* [EXERCISE BRIEF]: Your task is to transcribe all of the records exactly and leave out the pictures.

*** DATA EXTRACT ***

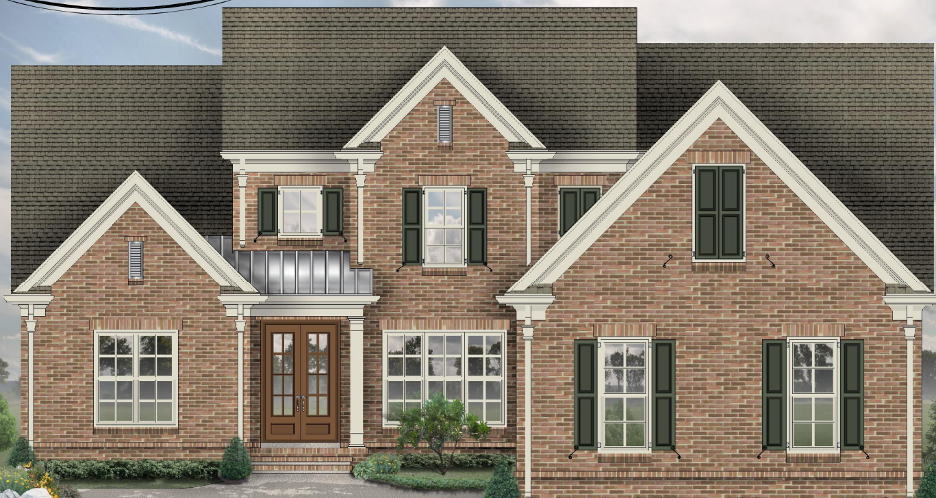
Photo or Rendering May Reflect Changes Made in Field.

9'-0" CEILINGS DOWN 9'-0" CEILINGS UP EXCEPT WHERE NOTED OTHERWISE ON PLAN
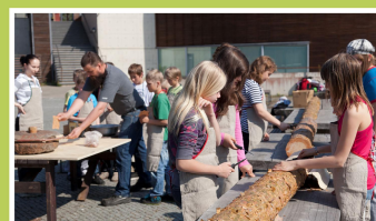
Forest in Education
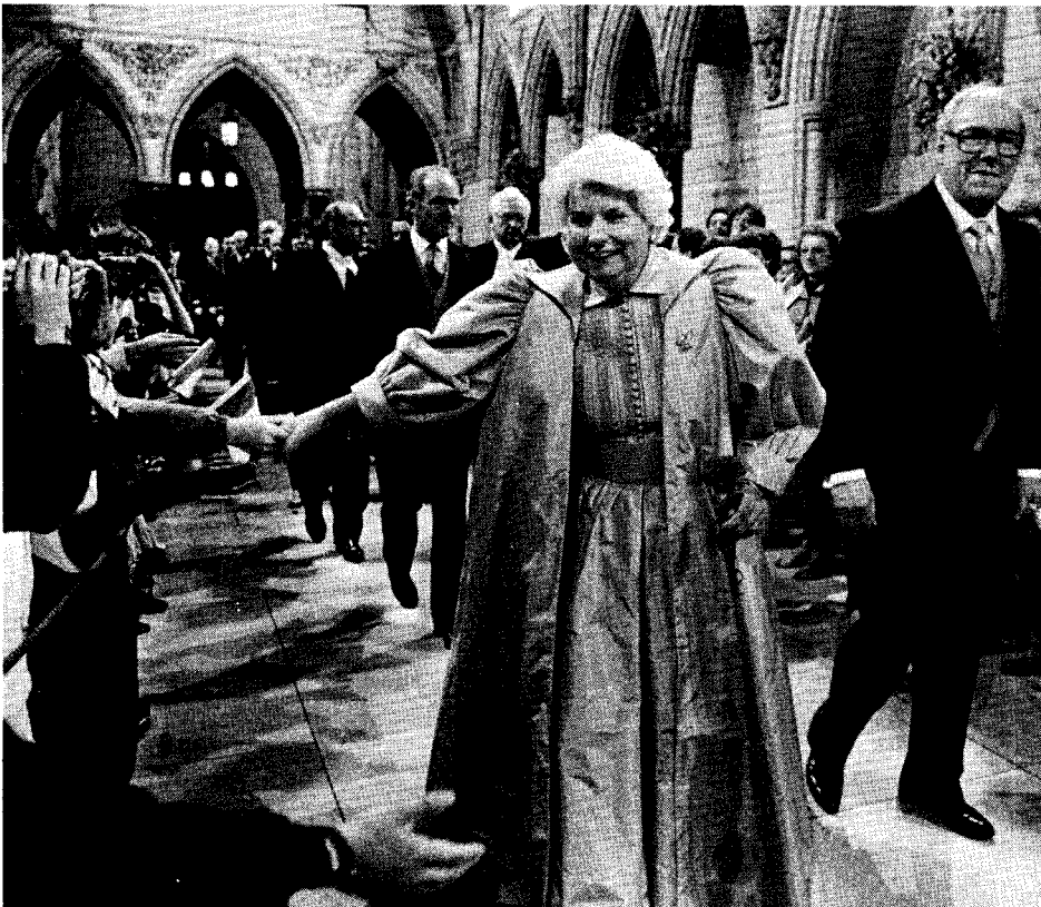
The Governor General and Mr. Sauvé leaving Parliament following the investiture ceremony.

Prior to serving as Speaker she had held three different ministerial portfolios: Minister of State for Science and Technology, Minister of the Environment and Minister of Communications.

*** End of DATA EXTRACT ***

* [SOLUTION FOR THIS EXERCISE]:
Photo or Rendering May Reflect Changes Made in Field.

9'-0" CEILINGS DOWN 9'-0" CEILINGS UP EXCEPT WHERE NOTED OTHERWISE ON PLAN
Forest in Education
The Governor General and Mr. Sauvé leaving Parliament following the investiture ceremony.

Prior to serving as Speaker she had held three different ministerial portfolios: Minister of State for Science and Technology, Minister of the Environment and Minister of Communications.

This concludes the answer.